_Problem requirements_: Reproduce each line of the material exactly, minus any picture.

_Information supplied_:
>>>

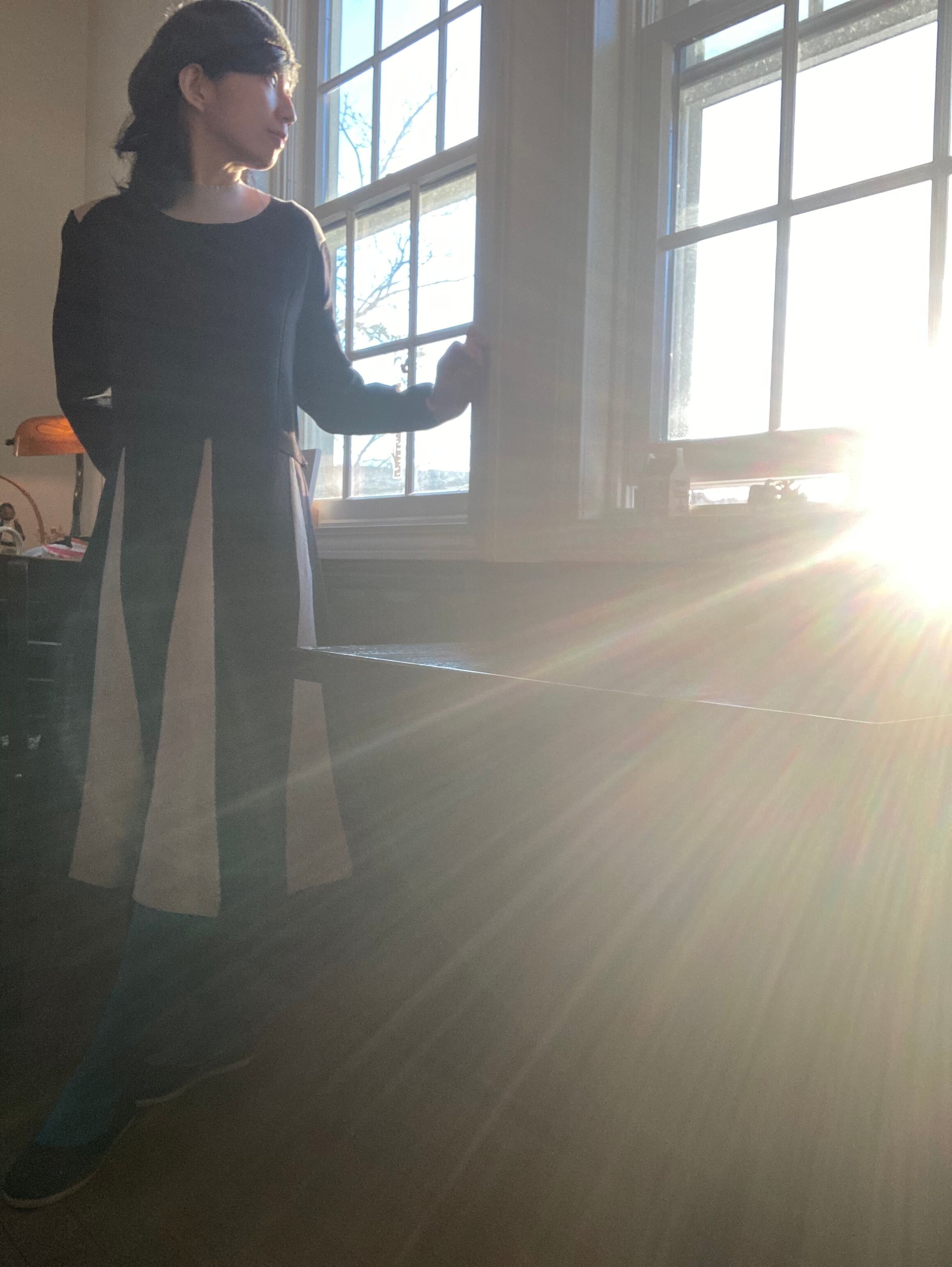 上半身はすっきりしているので、アウターももたつかず重ね着も便利です。
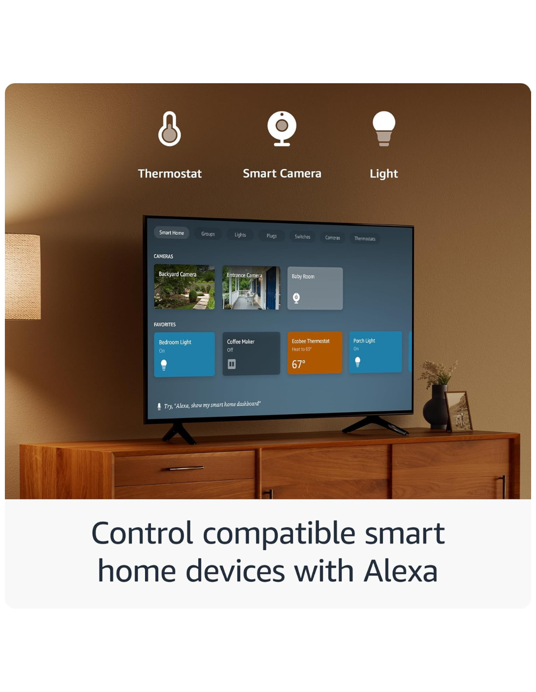 Incluye un mando a distancia que integra micrófono y botón para Alexa, lo que permite usar comandos de voz para buscar contenido, abrir apps o controlar dispositivos domésticos compatibles.
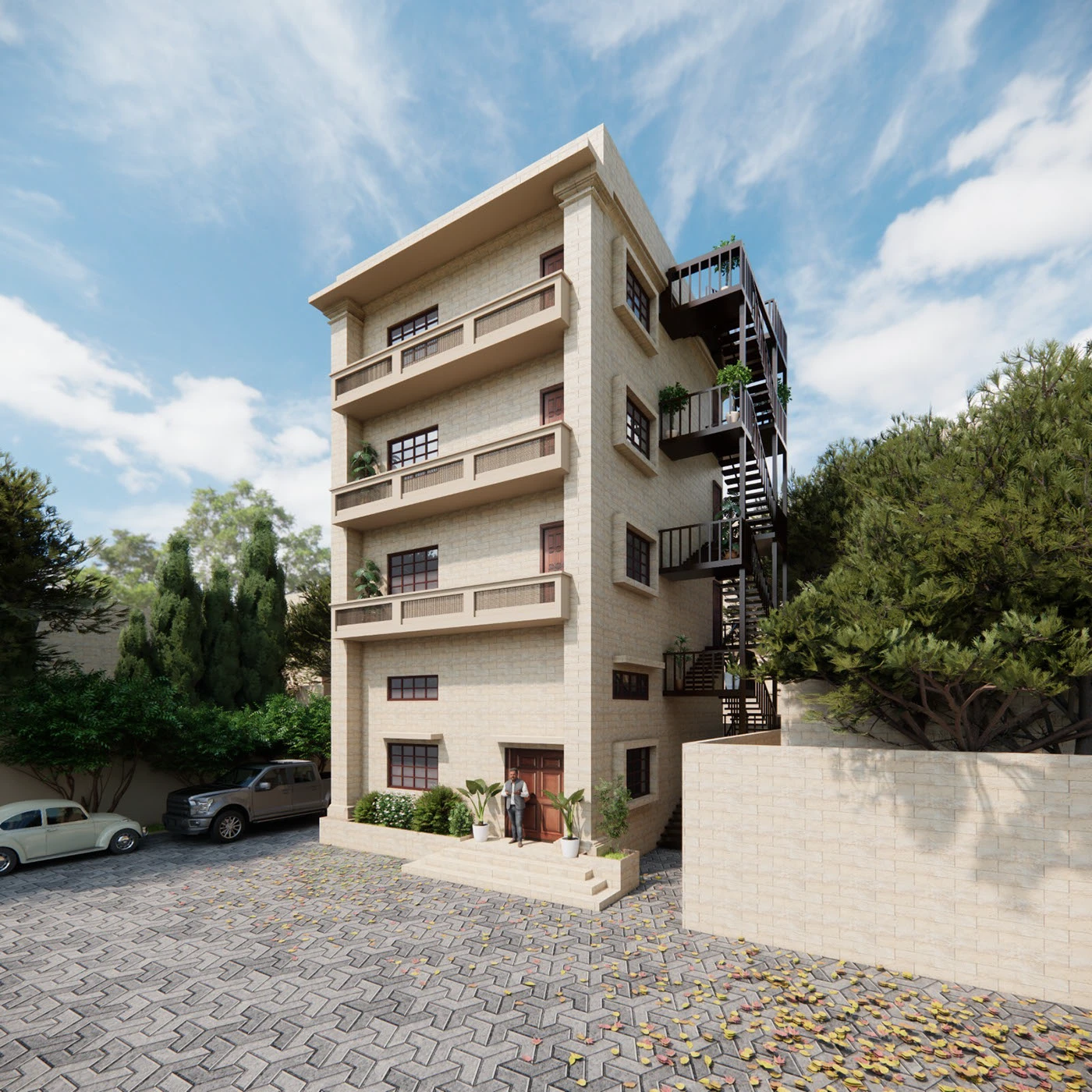 • Inclusion of horizontal balcony bands and traditional balustrades to add architectural depth.
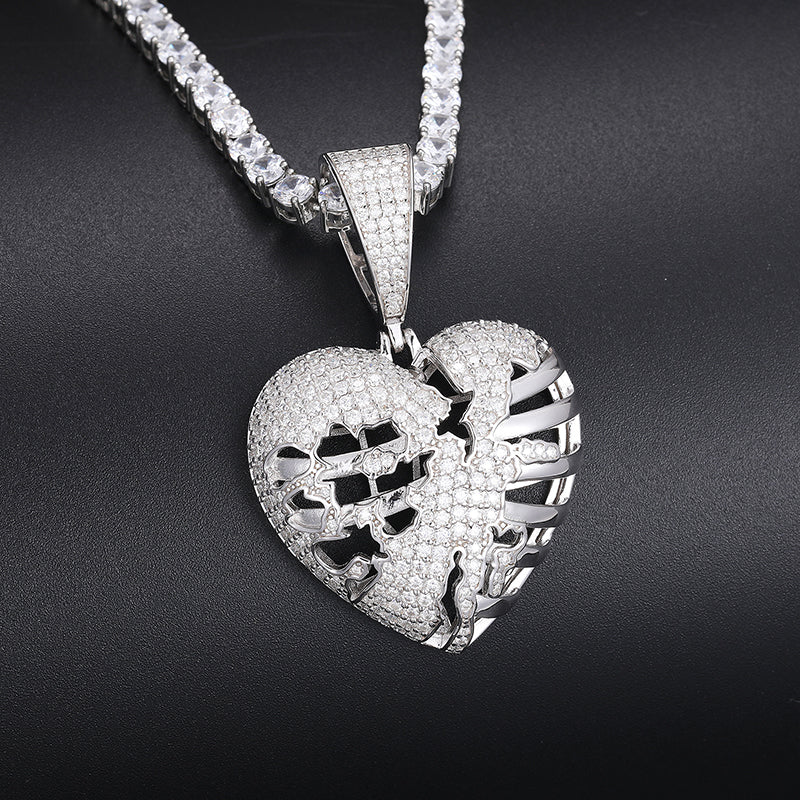 MOISSANITE HOLLOW HEART PENDANT NECKLACE IN STERLING SILVER

<<<

_Answer to this problem_:
 上半身はすっきりしているので、アウターももたつかず重ね着も便利です。
 Incluye un mando a distancia que integra micrófono y botón para Alexa, lo que permite usar comandos de voz para buscar contenido, abrir apps o controlar dispositivos domésticos compatibles.
 • Inclusion of horizontal balcony bands and traditional balustrades to add architectural depth.
 MOISSANITE HOLLOW HEART PENDANT NECKLACE IN STERLING SILVER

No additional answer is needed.